Task brief — Your task is to transcribe, word for word, the line containing "Vintage Bangle Bracelet" and all lines that follow it to the end of the entries. Leave out the pictures.

Listed entries —

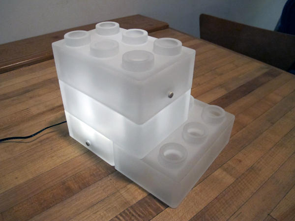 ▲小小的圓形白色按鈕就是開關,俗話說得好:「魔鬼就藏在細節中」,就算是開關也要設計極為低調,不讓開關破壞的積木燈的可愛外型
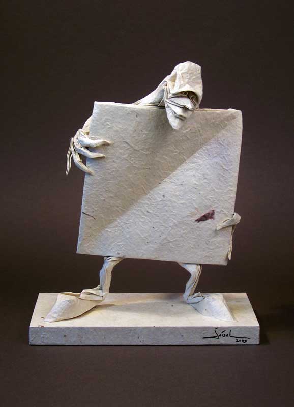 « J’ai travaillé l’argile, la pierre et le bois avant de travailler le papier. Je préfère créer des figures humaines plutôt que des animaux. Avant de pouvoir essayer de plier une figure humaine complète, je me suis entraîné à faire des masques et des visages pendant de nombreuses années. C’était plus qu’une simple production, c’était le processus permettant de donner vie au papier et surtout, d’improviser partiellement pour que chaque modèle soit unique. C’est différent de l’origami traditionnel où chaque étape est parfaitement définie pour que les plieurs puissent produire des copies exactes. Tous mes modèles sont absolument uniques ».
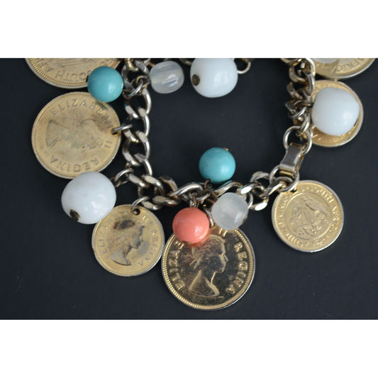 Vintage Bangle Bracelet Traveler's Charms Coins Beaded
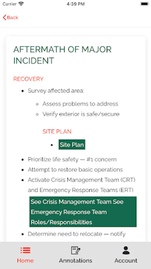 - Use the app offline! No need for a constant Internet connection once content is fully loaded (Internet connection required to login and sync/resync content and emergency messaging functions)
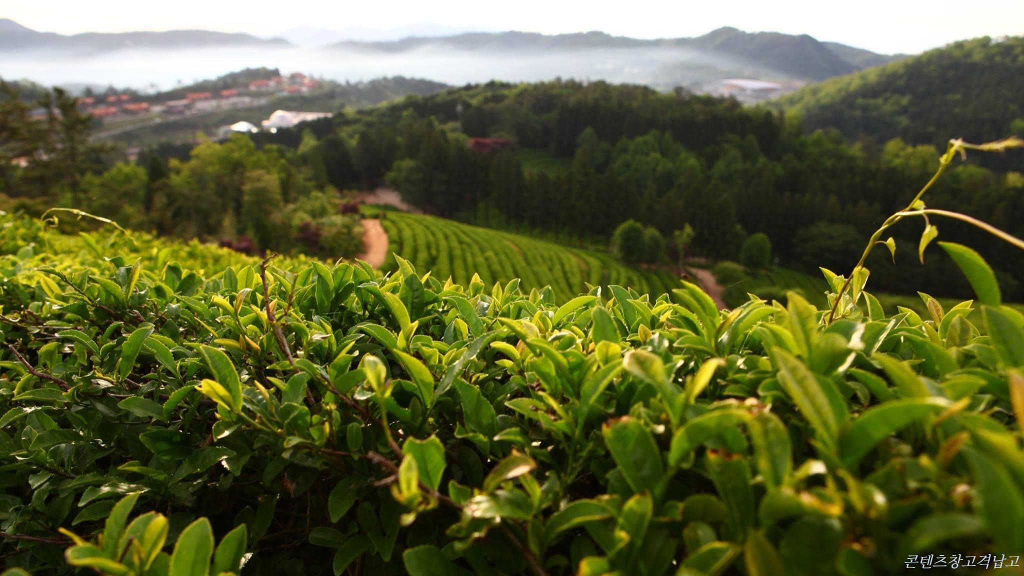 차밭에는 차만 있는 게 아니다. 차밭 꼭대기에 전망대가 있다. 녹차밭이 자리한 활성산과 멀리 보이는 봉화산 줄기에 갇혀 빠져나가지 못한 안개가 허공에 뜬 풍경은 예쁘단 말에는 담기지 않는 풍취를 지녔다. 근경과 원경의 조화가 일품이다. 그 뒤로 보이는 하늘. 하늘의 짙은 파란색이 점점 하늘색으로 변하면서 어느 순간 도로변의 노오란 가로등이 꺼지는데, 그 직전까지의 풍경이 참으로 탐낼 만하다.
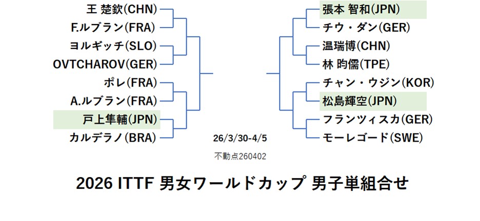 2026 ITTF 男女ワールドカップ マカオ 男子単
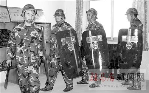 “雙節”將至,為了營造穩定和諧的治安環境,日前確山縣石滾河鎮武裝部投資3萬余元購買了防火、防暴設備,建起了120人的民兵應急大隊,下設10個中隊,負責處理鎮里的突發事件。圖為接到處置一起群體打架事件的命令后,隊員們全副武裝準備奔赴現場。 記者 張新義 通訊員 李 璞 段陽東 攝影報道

Task solution —
 Vintage Bangle Bracelet Traveler's Charms Coins Beaded
 - Use the app offline! No need for a constant Internet connection once content is fully loaded (Internet connection required to login and sync/resync content and emergency messaging functions)
 차밭에는 차만 있는 게 아니다. 차밭 꼭대기에 전망대가 있다. 녹차밭이 자리한 활성산과 멀리 보이는 봉화산 줄기에 갇혀 빠져나가지 못한 안개가 허공에 뜬 풍경은 예쁘단 말에는 담기지 않는 풍취를 지녔다. 근경과 원경의 조화가 일품이다. 그 뒤로 보이는 하늘. 하늘의 짙은 파란색이 점점 하늘색으로 변하면서 어느 순간 도로변의 노오란 가로등이 꺼지는데, 그 직전까지의 풍경이 참으로 탐낼 만하다.
 2026 ITTF 男女ワールドカップ マカオ 男子単
 “雙節”將至,為了營造穩定和諧的治安環境,日前確山縣石滾河鎮武裝部投資3萬余元購買了防火、防暴設備,建起了120人的民兵應急大隊,下設10個中隊,負責處理鎮里的突發事件。圖為接到處置一起群體打架事件的命令后,隊員們全副武裝準備奔赴現場。 記者 張新義 通訊員 李 璞 段陽東 攝影報道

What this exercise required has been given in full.